■ Problem statement
The reply should hold every line of the listing exactly, and none of its images.

++++ Collected material ++++

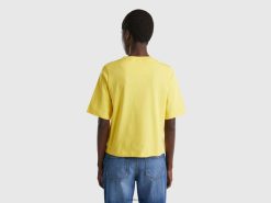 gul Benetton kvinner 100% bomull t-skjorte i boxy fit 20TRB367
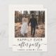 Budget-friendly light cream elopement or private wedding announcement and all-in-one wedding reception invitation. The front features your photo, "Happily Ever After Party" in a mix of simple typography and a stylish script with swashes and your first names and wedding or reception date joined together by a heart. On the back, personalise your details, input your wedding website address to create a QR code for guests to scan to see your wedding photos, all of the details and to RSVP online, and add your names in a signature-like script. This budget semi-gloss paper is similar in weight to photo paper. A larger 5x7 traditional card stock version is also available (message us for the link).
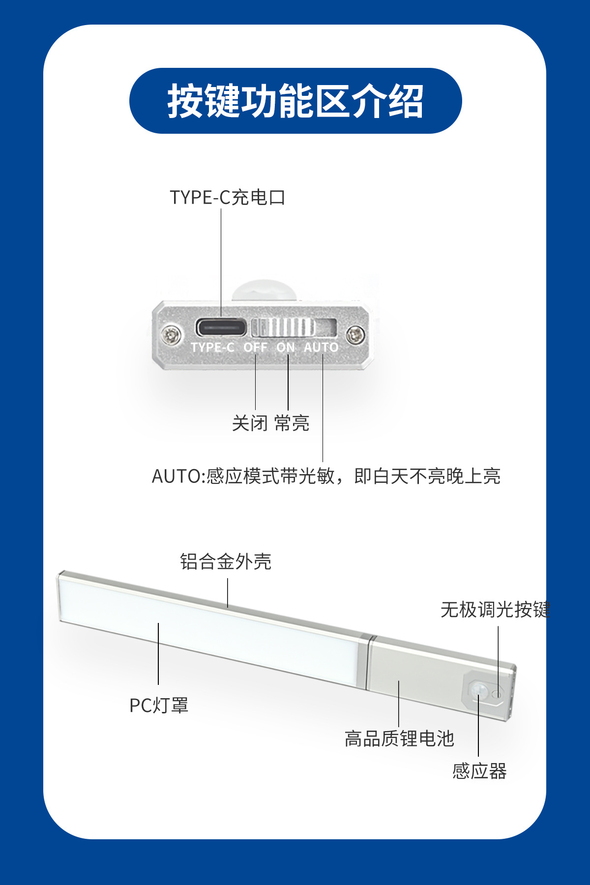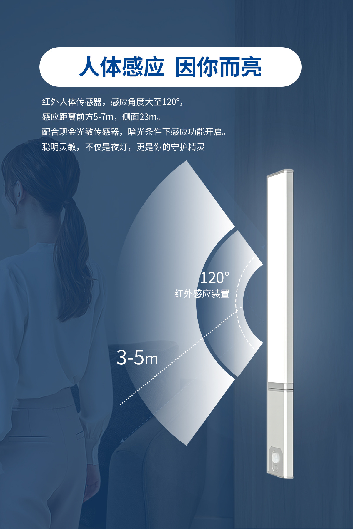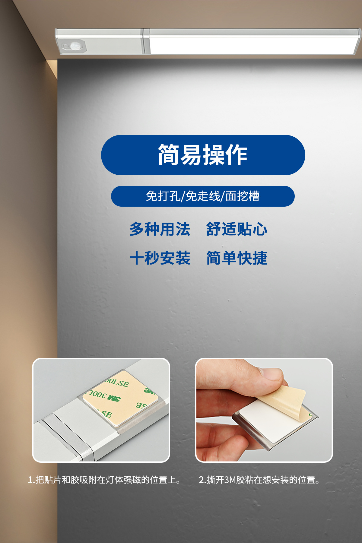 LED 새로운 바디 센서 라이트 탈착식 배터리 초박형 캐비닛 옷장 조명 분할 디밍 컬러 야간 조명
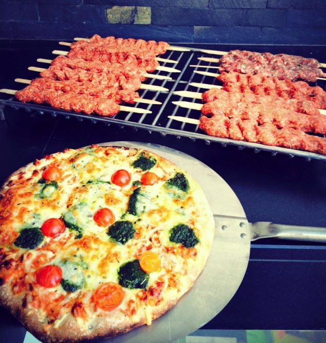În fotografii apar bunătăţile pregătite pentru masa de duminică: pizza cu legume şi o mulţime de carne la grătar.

++++

■ Solution to this task
 gul Benetton kvinner 100% bomull t-skjorte i boxy fit 20TRB367
 Budget-friendly light cream elopement or private wedding announcement and all-in-one wedding reception invitation. The front features your photo, "Happily Ever After Party" in a mix of simple typography and a stylish script with swashes and your first names and wedding or reception date joined together by a heart. On the back, personalise your details, input your wedding website address to create a QR code for guests to scan to see your wedding photos, all of the details and to RSVP online, and add your names in a signature-like script. This budget semi-gloss paper is similar in weight to photo paper. A larger 5x7 traditional card stock version is also available (message us for the link).
 LED 새로운 바디 센서 라이트 탈착식 배터리 초박형 캐비닛 옷장 조명 분할 디밍 컬러 야간 조명
În fotografii apar bunătăţile pregătite pentru masa de duminică: pizza cu legume şi o mulţime de carne la grătar.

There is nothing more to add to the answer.